YOUR INSTRUCTIONS
Each line below from the "lleva su nombre." line through the "Jump against wall and fall into water..." line, those two included, must be restated word for word; the pictures must not be.

[Stored data entries]
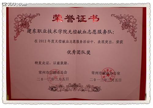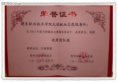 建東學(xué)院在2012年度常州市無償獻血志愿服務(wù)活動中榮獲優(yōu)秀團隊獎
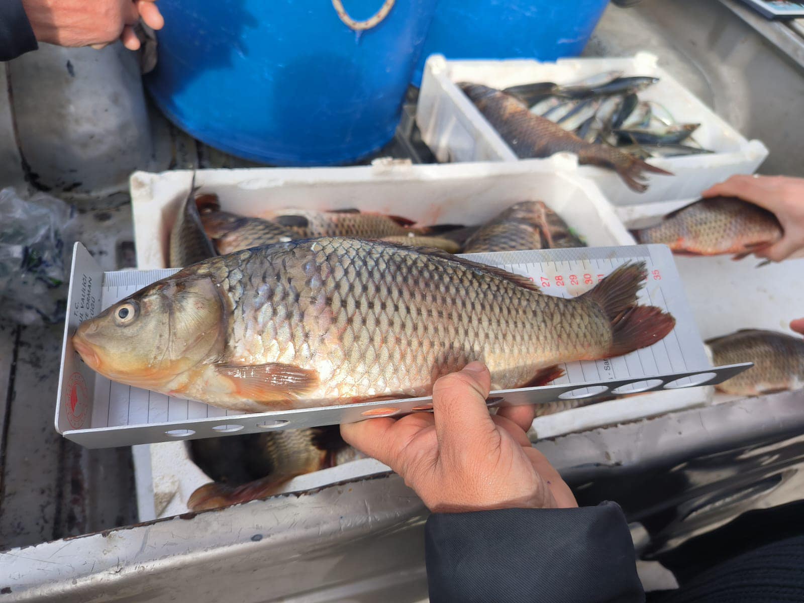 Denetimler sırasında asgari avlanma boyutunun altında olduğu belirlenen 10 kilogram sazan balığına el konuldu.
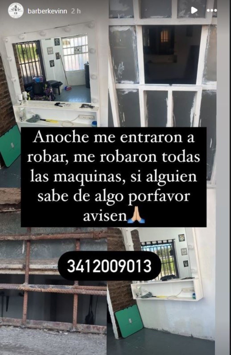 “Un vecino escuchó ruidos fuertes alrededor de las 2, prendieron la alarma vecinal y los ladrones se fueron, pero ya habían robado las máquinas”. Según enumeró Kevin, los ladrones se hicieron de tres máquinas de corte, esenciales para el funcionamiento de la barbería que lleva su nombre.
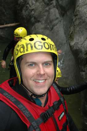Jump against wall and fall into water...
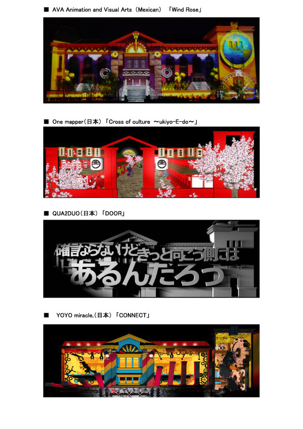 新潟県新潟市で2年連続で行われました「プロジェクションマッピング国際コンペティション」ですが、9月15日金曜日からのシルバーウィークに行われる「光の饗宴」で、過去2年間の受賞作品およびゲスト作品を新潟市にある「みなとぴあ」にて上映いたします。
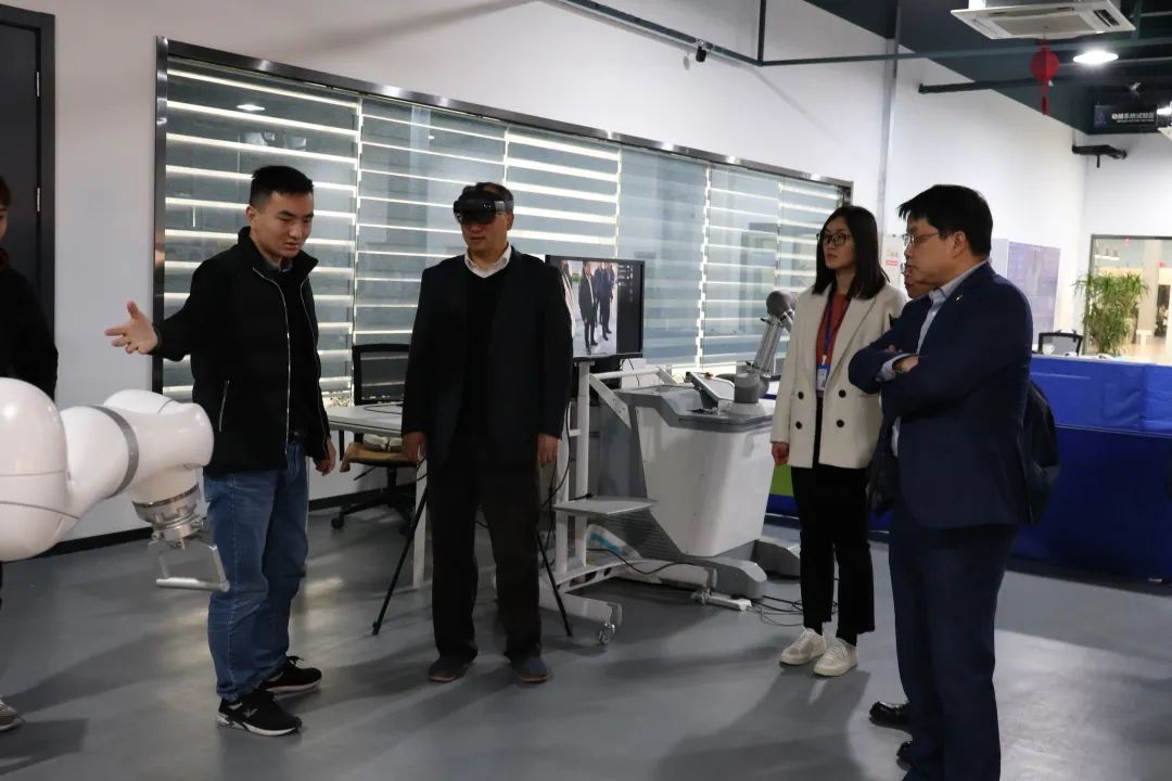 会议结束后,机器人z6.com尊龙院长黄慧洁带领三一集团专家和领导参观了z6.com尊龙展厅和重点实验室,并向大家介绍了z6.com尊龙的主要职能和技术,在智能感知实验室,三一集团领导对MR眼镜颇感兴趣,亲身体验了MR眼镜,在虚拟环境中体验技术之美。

SOLUTION TO THE PROBLEM
 “Un vecino escuchó ruidos fuertes alrededor de las 2, prendieron la alarma vecinal y los ladrones se fueron, pero ya habían robado las máquinas”. Según enumeró Kevin, los ladrones se hicieron de tres máquinas de corte, esenciales para el funcionamiento de la barbería que lleva su nombre.
Jump against wall and fall into water...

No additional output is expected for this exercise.